S’agissant de l’intérêt général, l’Etat est l’organisateur légitime naturel. Cette tendance se
retrouve même aux Etats-Unis qui mettent en place une législation fédérale d’assistance santé
en 1965 (Medicaid et Medicare). Ce consensus est aujourd’hui remis en cause. Les modes
traditionnels de gestion des services publics sont jugés inefficaces et dispendieux. La
décentralisation et les accords avec les partenaires privés sont indispensables. La nouvelle
conception de l’Etat-providence affirme que la bonne gouvernance est celle où l’Etat se met
en retrait, perd de sa force, devient modeste et travaille en réseau avec des intérêts et des
groupes privés, en qualité de partenaire à peine supérieur aux autres. Ces experts préconisent
finalement des solutions à la crise : décentralisation, privatisation des secteurs sociaux,
ciblage des prestations sociales, associations des acteurs publics et privés, amaigrissement de
l’Etat-providence, libération des énergies individuelles.

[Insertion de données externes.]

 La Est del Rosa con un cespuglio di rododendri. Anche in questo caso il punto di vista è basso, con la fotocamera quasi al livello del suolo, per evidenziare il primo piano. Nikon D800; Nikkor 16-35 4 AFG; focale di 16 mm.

A ce titre, l’une des évolutions les plus sensibles est la montée du niveau local. Dans presque
tous les Etats, même ceux qui sont traditionnellement les plus attachés à la centralisation
comme la Suède, les collectivités locales jouent désormais un rôle majeur dans la mise en
œuvre des politiques de solidarité.

Conclusion :

L’Etat-providence a été une des réalisations les plus significatives du XXème siècle. Il a
profondément transformé le destin des citoyens en leur procurant une sécurité inconnue des
siècles précédents face aux risques de l’existence. Depuis deux décennies cependant, l’Etat-
providence a dû s’adapter à de nouveaux défis économiques et sociaux qu’a imposé la
mondialisation. Par conséquent, alors que les décennies suivant la deuxième guerre mondiale
ont vu croître les droits sociaux et subjectifs en tous genres, les vingt dernières années se
placent plutôt sous le signe de la réduction des dépenses et des droits (fin du remboursement
de certains médicaments, mise en place de la franchise médicale sur les boîtes de
médicaments, les actes paramédicaux et les transports sanitaires depuis le 1er janvier 2008), et
par des réformes qui traduisent un retour vers la philosophie libérale du XIXème siècle.

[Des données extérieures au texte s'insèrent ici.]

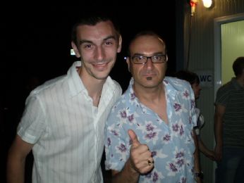 Stringo la mano al mio mito, colui che inneggio mentre molti credono che sia poggippollini il meglio...e inizio a parlare..Gli chiedo se potevamo fare una foto assieme e lui mi risponde di si e mentre ci avviamo verso un posto più illuminato, gli chiedo:
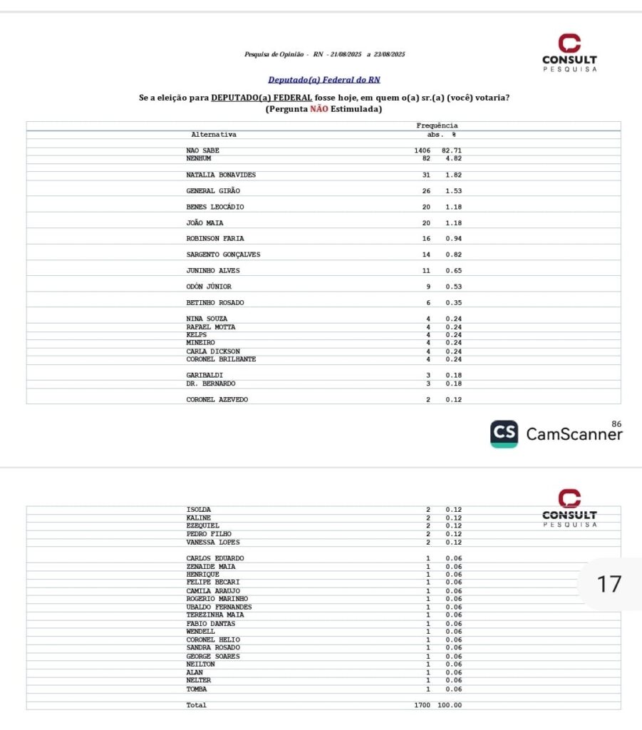 A corrida por uma vaga na Câmara Federal tem a deputada federal Natália Bonavides (PT) ocupando o primeiro lugar, de acordo com o levantamento estatístico realizado entre os dias 21 e 23 de agosto nas 12 regiões do estado. Em segundo lugar aparece o deputado federal entre General Girão, seguido por Benes Leocádio.

Une interprétation globale de ce processus peut être pertinente. Ainsi, se fondant sur une
analyse internationale des tendances de la protection sociale dans les pays occidentaux, Neil
Gilbert, dans « Transformation of the Welfare State, the silent surrender of public
responsibility » (Oxford University Press, 2002) défend la thèse de changements essentiels de
politiques, mais masqués par les gouvernements. Il met en évidence des convergences entre
ces pays : limitation progressive des droits automatiques dérivés des cotisations ou des
impôts, hausse des contreparties (devoirs), privatisation totale (Chili depuis 1981, sous
Pinochet, sur les conseils de Milton Friedman) ou partielle des systèmes de protection sociale,
passage de l’Etat social passif à actif, diminution du rôle de l’Etat au profit du secteur privé,
des associations et de la société civile. Neil Gilbert constate que ces réformes sont aujourd’hui
soutenues par une majorité de citoyen, même finalement aujourd’hui en France, ce qui
pendant longtemps n’a pas été le cas (large consensus sur la réforme des régimes spéciaux,
promesse de campagne du candidat Sarkozy, et absence de soutien populaire aux grèves de
l’automne 2007, contrairement à celles de décembre 1995).
La tendance à la démarchandisation, caractéristique de la naissance des Etats-providence, est
aujourd’hui indéniablement remise en cause.